Nothing but the lines below from the one holding "Механизм этой реакции, недавно" up to and including the one holding "View full detailsPersonalized" should be copied, exactly and without pictures.

(Dataset entries)
──────

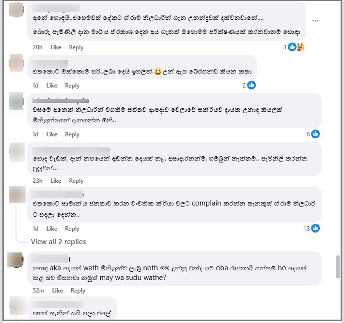රජය විසින් නිකුත් කරන ලද නිවේදනයක් ලෙස ප්රකාශ කරමින් කරමින් පළ කරන ලද මෙම සමාජ මාධ්ය සටහනේ දැක්වෙන්නේ, ග්රාම නිලධාරීවරුන්ගේ ක්රියා හේතුවෙන් පීඩාවට පත්වන මහජනතාවට ඒ පිළිබඳ දැනුම් දීම සඳහා නිල දුරකථන අංක රජය විසින් නිවේදනය කර ඇති බවයි. තව ද මහජනතාවගේ ප්රයෝජනය සඳහා මෙම තොරතුරු බෙදා හරින ලෙස ද එහි සඳහන් වේ.
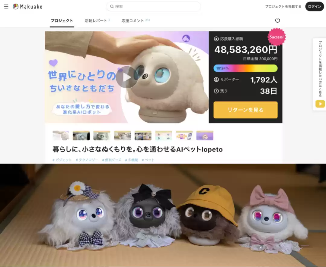 8月初,Ropet又一次在日本众筹 Makuake上爆单。众筹首日实现了2687万日元(约合130万人民币)的众筹金额,在该 的当日榜排名第一。现在已经完成近5千万日元的众筹规模。
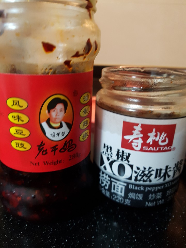 엑소소스와 라조장(라오깐마)입니다. 중국풍 볶음밥을 만들고 싶을때 사용하는 소스입니다. 엑소소스는 굴소스보다 훨씬 향이 강하고 짠맛이 강하기 때문에 아주 조금만 넣어주는 것이 좋습니다.
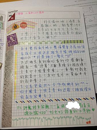 因為鋼筆在宿舍不在家裡,所以都先用彩色筆寫。
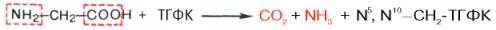 Механизм этой реакции, недавно раскрытый К. Тада, включает участие митохондриальной глицинрасщепляющей ферментной системы, отличной от глицинсинтазы и состоящей из 4 белков: Р-белка, содержащего пиридоксальфосфат (глициндекарбоксилаза); Н-белка, содержащего липое-вую кислоту; Т-белка, требующего присутствия ТГФК, и L-белка, названного липамиддегидрогеназой:
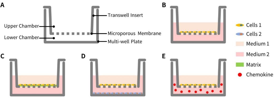 细胞小室是将一种可渗透性支架放置于多孔板中,小室内称为上室,培养孔内称为下室,可同时培养两种细胞,常用于细胞共培养实验、趋化实验、细胞迁移、侵袭或药物转运等研究。细胞小室的底部是一张具有通透性的膜,具有一定的孔径和孔密度,通常细胞共培养实验采用0.4μm孔径膜,趋化实验、细胞迁移和侵袭实验需要选择3、5或8μm孔径膜。
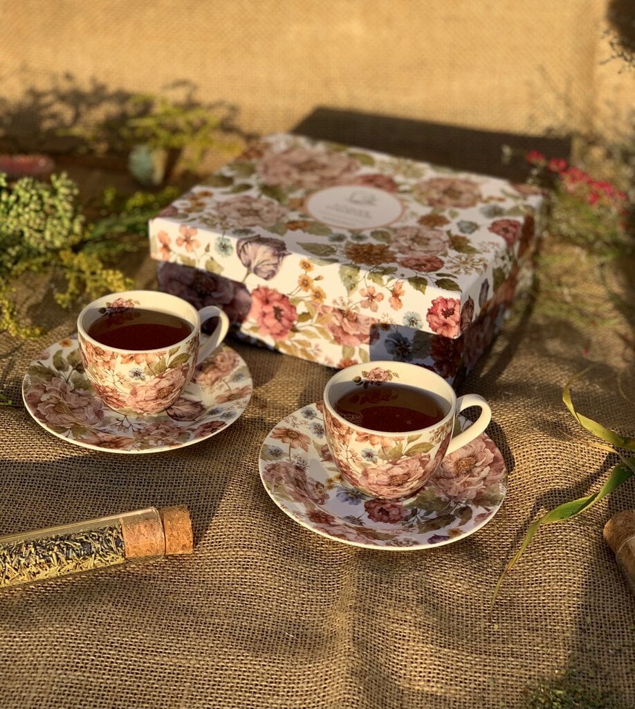 Viss komplekts iepakots greznā, dekoratīvā kastē, kuras dizains atkārto trauku motīvu – pasteļtoņu ziedus. Tā ir gatava, gaumīga dāvana sievietēm, vīriešiem, kolēģiem vai skolotājiem dzimšanas dienā vai kā pateicība.
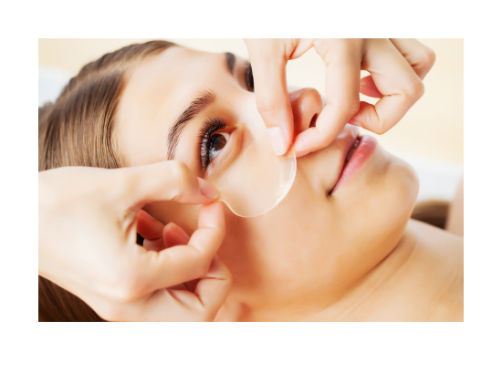 Option Perfect Regard : pose de patchs contour des yeux, lissant et défatiguant, pendant la pose du masque visage
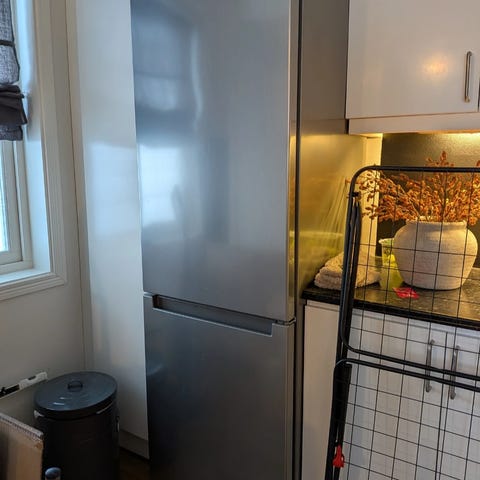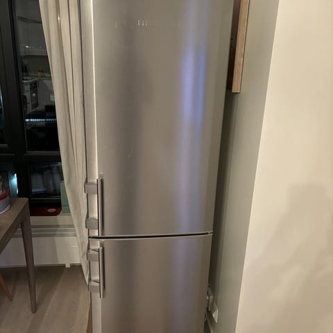 Selger kombiskap i børstet stål kjøpt nytt på IKEA i 2016. Skapet har slitasjeskade på nedre hengsle til øvre dør (se siste bilde), døren fungerer men er litt løst. Kjøle og frys funksjonen er i topp stand. Høyde 185cm
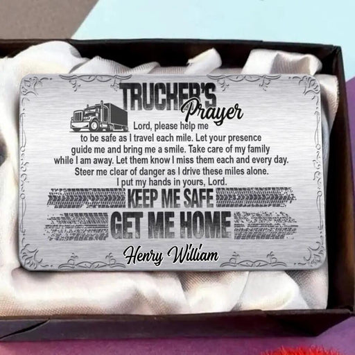 View full detailsPersonalized Trucker's Prayer Aluminum Wallet Card - Gift Idea For Father's Day/Truckers - Lord Please Help Me To Be Safe As I Travel Each Mile
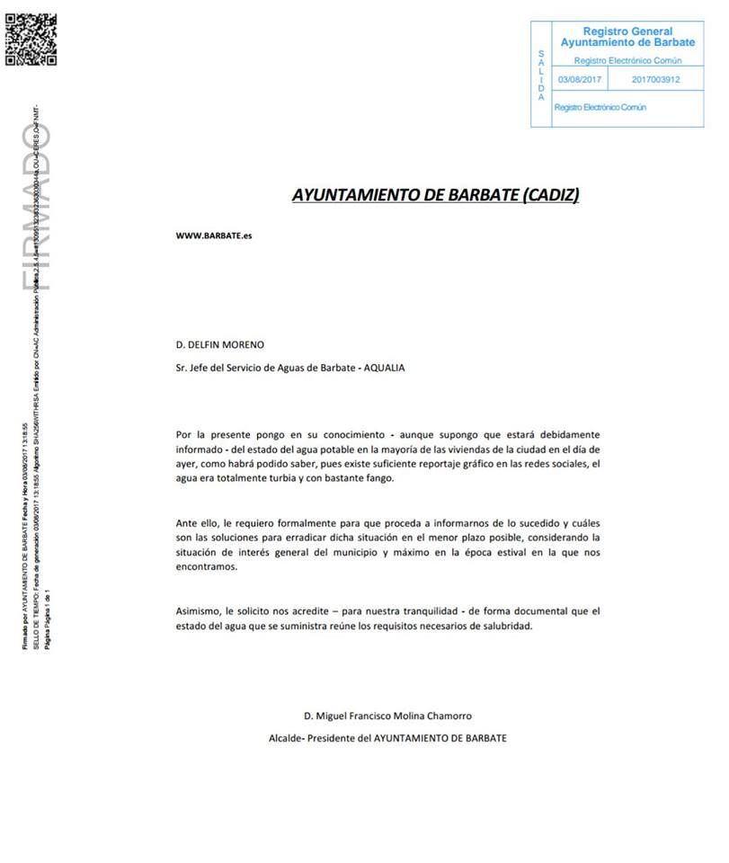 El equipo de Gobierno en el Ayuntamiento de Barbate ha pedido a la empresa concesionaria del servicio de aguas, Aqualia, explicaciones por los hechos ocurridos durante los últimos días en la mayoría de viviendas de la localidad, en las que el agua potable salía totalmente turbia y con fango. Fueron los propios vecinos quienes pusieron en conocimiento del Ayuntamiento estas circunstancias, a través de las numerosas imágenes que se pueden ver en las redes sociales.

──────

## RESPONSE FOR THIS EXERCISE
 Механизм этой реакции, недавно раскрытый К. Тада, включает участие митохондриальной глицинрасщепляющей ферментной системы, отличной от глицинсинтазы и состоящей из 4 белков: Р-белка, содержащего пиридоксальфосфат (глициндекарбоксилаза); Н-белка, содержащего липое-вую кислоту; Т-белка, требующего присутствия ТГФК, и L-белка, названного липамиддегидрогеназой:
 细胞小室是将一种可渗透性支架放置于多孔板中,小室内称为上室,培养孔内称为下室,可同时培养两种细胞,常用于细胞共培养实验、趋化实验、细胞迁移、侵袭或药物转运等研究。细胞小室的底部是一张具有通透性的膜,具有一定的孔径和孔密度,通常细胞共培养实验采用0.4μm孔径膜,趋化实验、细胞迁移和侵袭实验需要选择3、5或8μm孔径膜。
 Viss komplekts iepakots greznā, dekoratīvā kastē, kuras dizains atkārto trauku motīvu – pasteļtoņu ziedus. Tā ir gatava, gaumīga dāvana sievietēm, vīriešiem, kolēģiem vai skolotājiem dzimšanas dienā vai kā pateicība.
 Option Perfect Regard : pose de patchs contour des yeux, lissant et défatiguant, pendant la pose du masque visage
 Selger kombiskap i børstet stål kjøpt nytt på IKEA i 2016. Skapet har slitasjeskade på nedre hengsle til øvre dør (se siste bilde), døren fungerer men er litt løst. Kjøle og frys funksjonen er i topp stand. Høyde 185cm
 View full detailsPersonalized Trucker's Prayer Aluminum Wallet Card - Gift Idea For Father's Day/Truckers - Lord Please Help Me To Be Safe As I Travel Each Mile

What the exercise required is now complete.